TaihuLight has been utilized to model the cosmos using 10 trillion digital particles and life sciences and pharmaceutical research. On the other hand, China is attempting far more. The government has proclaimed its intention to be the world leader in artificial intelligence by 2030.
In some ways, TaihuLight results from the trade war between China and the United States. However, it was built entirely without American technology due to US limitations.
5. Perlmutter (USA – 70,870.0 teraFLOPS)
In June 2021, Perlmutter joined the TOP10 list of the TOP500. It came in 5th place in the most recent edition. It is built on the HPE Cray EX235N “Shasta” platform and runs on AMD EPYC 7763 CPU.
It has accelerated nodes from NVIDIA A100 SXM4. The Slingshot-10 connection links all of the cores together. In the Linpack performance benchmark, Perlmutter scored 70,870 TFlop/s.

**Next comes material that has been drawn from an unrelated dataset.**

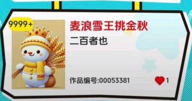 同个作者还有「麦浪雪王挑金秋」的作品,画面中雪王挑起麦子看起来相当可爱,但这无疑是在讽刺习近平自称「扛200斤麦子,十里山路不换肩」的吹牛之语。

HPE built it, housed in the National Energy Research Scientific Computing Center in the United States. Nuclear fusion and cosmology researchers have exploited Perlmutter’s work.
6. Selene (USA – 63,460.0 teraFLOPS)
It has a 555,520-core AMD EPYC 7742 processor. It is powered by an NVIDIA DGX A100 GPU, with Mellanox HDR Infiniband connecting the cores.
In the Linpack performance benchmark, it earned a score of 63,469 TFlop/s. NVIDIA created Selene at Argonne National Laboratory in the United States.
Selene has been employed in quantum chemistry studies and is now being used to learn more about coronaviruses.
7.Tianhe-2A (China – 61,444.5 teraFLOPS)
Tianhe-2A is the world’s most extensive installation of Intel Ivy Bridge and Xeon Phi processors, with over 16,000 computer nodes. Milky Way-2A is another name for it.
Even though each node has 88 gigabytes of memory, the overall memory (CPU+coprocessor) is 1,375 terabytes.
The National University of Defense Technology produced Tianhe-2A, housed in China’s National Supercomputer Center. It is primarily utilized to ensure the security of the government.
This supercomputer cost China 2.4 billion yuan (about $390 million). It’s now primarily utilized for simulations, analysis, and government security.
8. Juwels Booster Module (Germany – 44,120.0 teraFLOPS)
JEWELS isn’t a store-bought computer. However, being one of Germany’s top research institutions. It runs on a 449,280-core AMD EPYC 7402 CPU.
Mellanox HDR Infiniband/ParTec ParaStation ClusterSuite is used to connect the cores. In the Linpack performance benchmark, it earned a score of 44,120 TFlop/s.
It is manufactured by Atos and installed in the Juelich Forschungszentrum in Germany. It’s Europe’s most powerful supercomputer for particle and nuclear physics research.
The JEWELS cluster is in great demand even though it is yet incomplete. According to JSC, eighty-seven projects have been assigned computing time on the machine, which is scheduled for the next three months.
Targeted applications cover a wide range of scientific and engineering disciplines, emphasizing brain research. For example, JUWELs is one of the primary computational resources for the EU’s Human Brain Project in the coming years, thanks to JSC’s expertise in this field.
Complex simulations with a vast number of variables are done on supercomputers. Economic and climate modeling, neurological research, and nuclear science are all examples of typical applications.
Although it appears that the United States, Japan, and China have a grip on supercomputing technology, this is not always the case. Germany, the United Kingdom, and Saudi Arabia are also rivals with amazing breakthroughs in computer engineering. Only time will tell if these technological behemoths can maintain their grip on the top 500 rankings.